それを周りには気付かせないように努めてもいたが、貴族の生活に馴染めないアリッサには理解出来るものであった。
ある程度、休んだらまたいつもの愛想のよい少女になるのだろう。
それを待てばいい。
忠実な召使いであるアリッサは、静かに彼女の主を見守っていた。
ふいに、ベランダへひとりの少女が現れた。
見慣れない派手で品のないドレスを着ている。
この少女は確か、魔術儀礼の時に主のドレスを汚した使用人の男爵家の者だ。
あの時は殺意も緊急性もなかったので眺めていたに過ぎないが、くだらない嫌がらせに被害者ぶる演技が鼻についたのを覚えている。
しかしながらその生命力は、素晴らしいものであった。
他者を貶めても優位になりたい必死さは、水に落ちた蟻がもがくのにも似ていて、アリッサの目にはとても好ましく愛らしかったからだ。
その浅ましくもがく姿をずっと見ていたい。
1枚の葉を浮かべて助かったと思わせたところで、それを取り上げてその落胆の顔を見たい。
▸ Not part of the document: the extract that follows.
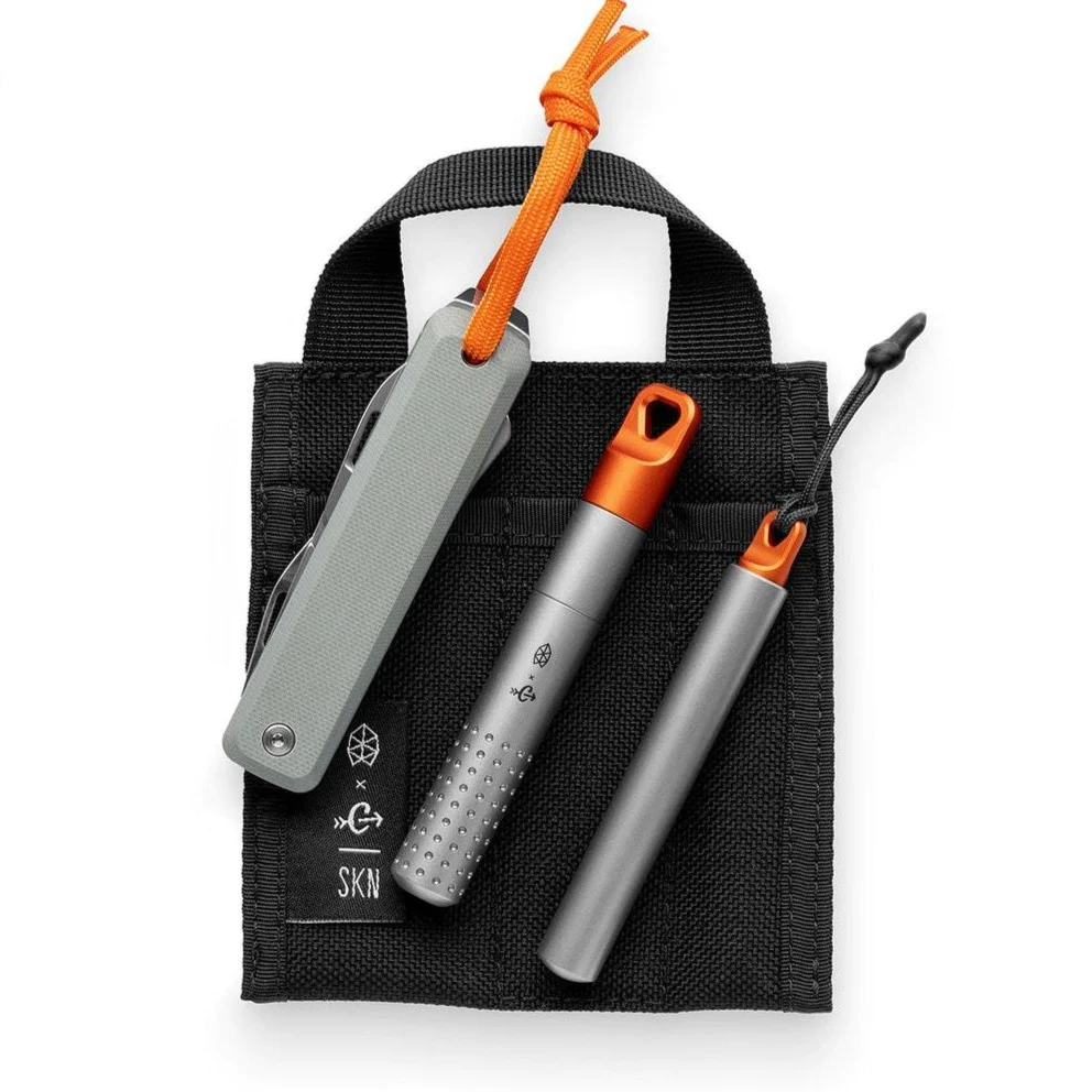 We teamed up with Skinth Solutions in Canada to help create a sheath specifically for this collection. Skinth is the defacto choice for sheaths in the EDC community. and so we knew that this was going to be a good option for the collab. The sheath is 1000D Cordura®. and it’s the perfect size for your pocket or your pack.

この卑しくも不浄で傲慢な魂は、善良で無垢な魂と同じくらい魅力的であるのだ。
だが、この主へ向けられる悪意はいただけない。
可愛らしいといえばそういう外見なのだが、アリッサの目にはじっとりと毒々しく渦巻く感情を撒き散らす害虫のように映っていた。
その様は悪くないものだが、これが神が言っていた「虫」なのかもしれない。
地母神が大切にする美しい箱庭を荒らし、あまつさえ彼女が大事にしている愛し子の心を曇らせる害虫。
これはシャルロッテにとって良くないモノだとアリッサは判断した。
自分の主はこの悪意の塊に対して、果敢に挑むだろうか?
それとも人に助けを求めるのだろうか。
シャルロッテがどう対処するのか手を出さずに見守りたいところだが、何かあった時の為にアリッサは何時でも2人の間に割って入れるように、枝の上で足に力を溜めて姿勢を整えた。
2人の様子をみると少女はシャルロッテの事を軽んじているのがわかる。
何を持って少女がそう判断しているのかは、アリッサにはわからなかった。
美しさも地位も名声さえもアリッサからすれば、シャルロッテの方が上であるのは間違いなかった。
アリッサ以外の人間でも、そう答えただろう。
だが、明確にあの少女はシャルロッテを下に見ていた。
その根拠は前世の年齢であったり、外見の地味さであったりするのだが、それをしらないアリッサには到底わかることでは無かった。